Milkweed species have evolved elaborate resistance strategies to fight off caterpillars that eat their leaves. These include hairs on their leaves, heart poisons called cardenolides in their tissues, and milky-white, toxic latex that pours from the plants’ tubes. A caterpillar’s bite into a milkweed leaf leads to a flood of latex that is “like getting a gallon of sticky paint thrown into your face,” said Agrawal.
Some caterpillars, in turn, have adapted by shaving the leaf or cutting a leaf’s veins in a circle and then eating in the middle where the latex doesn’t flow. Also, the monarch caterpillar has become immune to the cardenolides.
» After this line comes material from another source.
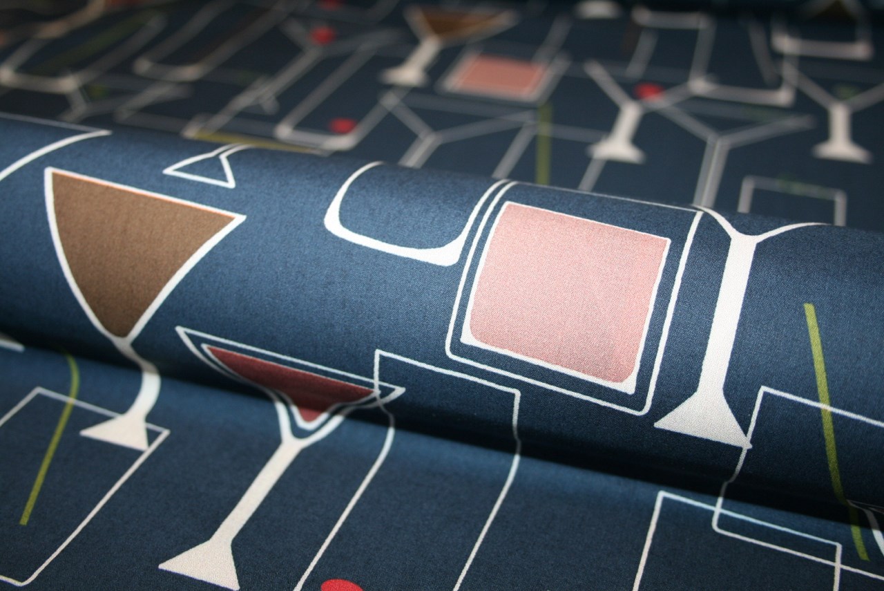 100% bomuld med læskende cocktails på en gråblå bund. Stoffet er i en let crisp og tæt vævning.
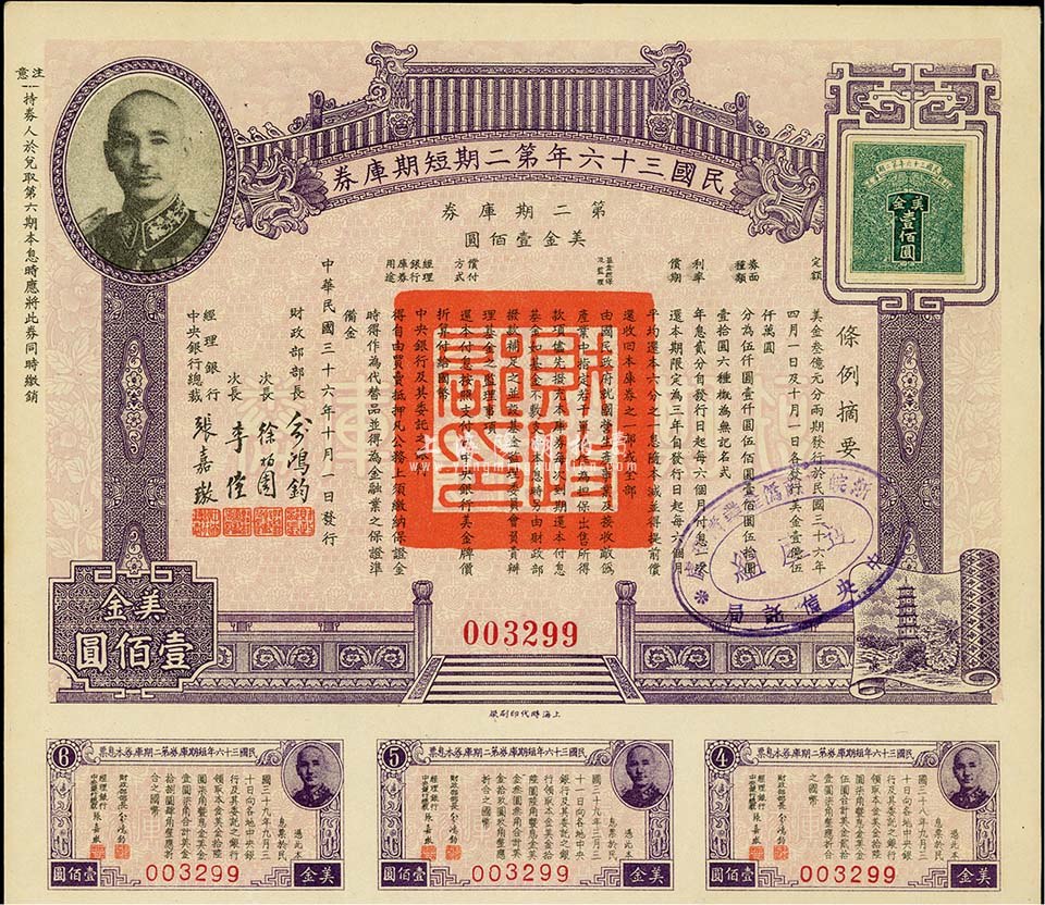 民国三十六年第二期短期库券美金壹佰圆,上印蒋介石肖像,八五成新

Agrawal and colleague Mark Fishbein, a Portland State University biologist, used DNA sequence data to study 38 species of milkweed. They found that milkweed’s three most important resistance traits (hairs, cardenolides, and latex) had declined in the more recently evolved species compared with the older species. These relative newcomers also demonstrated a greater ability to regrow.
Agrawal was surprised, he said, to find that the newer species plant had become more tolerant rather than more diverse in their defenses. The reason, he speculated, could be that, as its predators have become so specialized, the plant was better off choosing a new defensive tactic that tolerated and outgrew the herbivory damage instead of resisting it. It is unknown whether such strategies have also evolved in animals trying to evade parasites.
The findings address questions about plant evolution, biodiversity, and keystone species and may give plant scientists clues about profitable pest control strategies.